Question
Two different molecules, A and B, can enter a cell using passive transport. A cell that did not initially contain molecule A or molecule B was placed in a beaker with a solution containing equal concentrations of both molecules for 30 minutes. The cell was removed from the beaker, and the concentration of each molecule inside the cell was measured.
The experiment was repeated with different, but equal, starting concentrations of molecules A and B in the beaker. The data are shown in the table.

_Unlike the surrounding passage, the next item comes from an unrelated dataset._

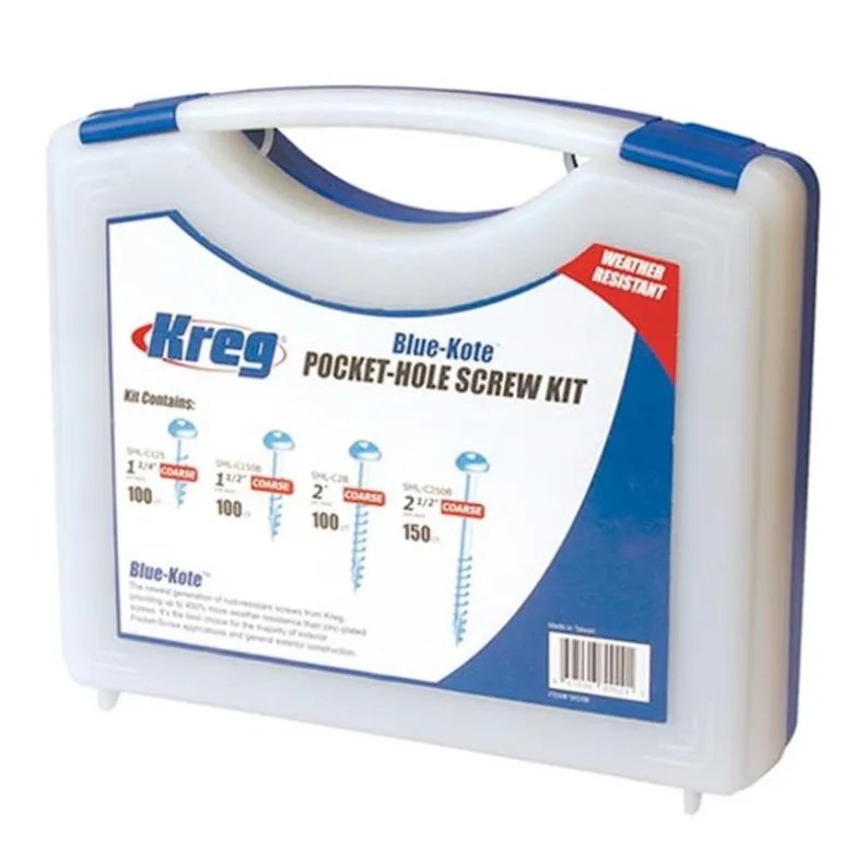 Kreg SK03B on 450 kpl Blue-Kote-ruuveja 31-63 mm, ulkokäyttöön.

| Starting Concentration of Molecules A and B in the Beaker (millimolar) | Concentration of Molecule A Inside the Cell After 30 Minutes (millimolar) \(\pm\) 2 SEM | Concentration of Molecule B Inside the Cell After 30 Minutes (millimolar) \(\pm\) 2 SEM |
| 40 | 20 \(\pm\) 2.1 | 20 \(\pm\) 2.5 |
| 80 | 40 \(\pm\) 1.9 | 40\(\pm\) 1.8 |
| 120 | 60 \(\pm\) 3.0 | 50 \(\pm\) 2.9 |
| 160 | 80 \(\pm\) 3.2 | 50 \(\pm\) 2.7 |
Standard Error of the Mean
(a) Describe two types of passive transport.
(b) Using the axes provided, construct a graph of this data. Include
95% confidence intervals.
(c) Based on the data, make a claim about which molecule (A or B)
uses simple diffusion and which molecule uses facilitated
diffusion. Justify your claim with evidence from the data.
(d) This experiment is repeated with the addition of a molecule that
irreversibly binds to transport proteins in the cell membrane.
Make a prediction about what, if any, changes this would lead to
in the data. Justify your prediction.
▶️Answer/Explanation
Ans:
(a) Two types of passive transport are diffusion and facilitated
diffusion. In diffusion, a molecule moves from an area of high
concentration to an area of low concentration, and no energy is
required. In facilitated diffusion, a molecule moves from an area of
high concentration to an area of low concentration with the
assistance of a transport protein. Again, no energy is required.
(b) 
(c) Molecule A is using simple diffusion, and molecule B is using
facilitated diffusion. The rate of facilitated diffusion is limited by
the number of transport proteins for the molecule in the cell
membrane. The rate of simple diffusion is not limited by the
number of transport proteins in the cell membrane and will
continue to increase as the concentration difference across the cell
membrane increases. In the experiment, as the concentration of each molecule in the beaker increases, the amount of molecule A
entering the cell continues to increase, but at higher concentrations,
the amount of molecule B entering the cell no longer increases.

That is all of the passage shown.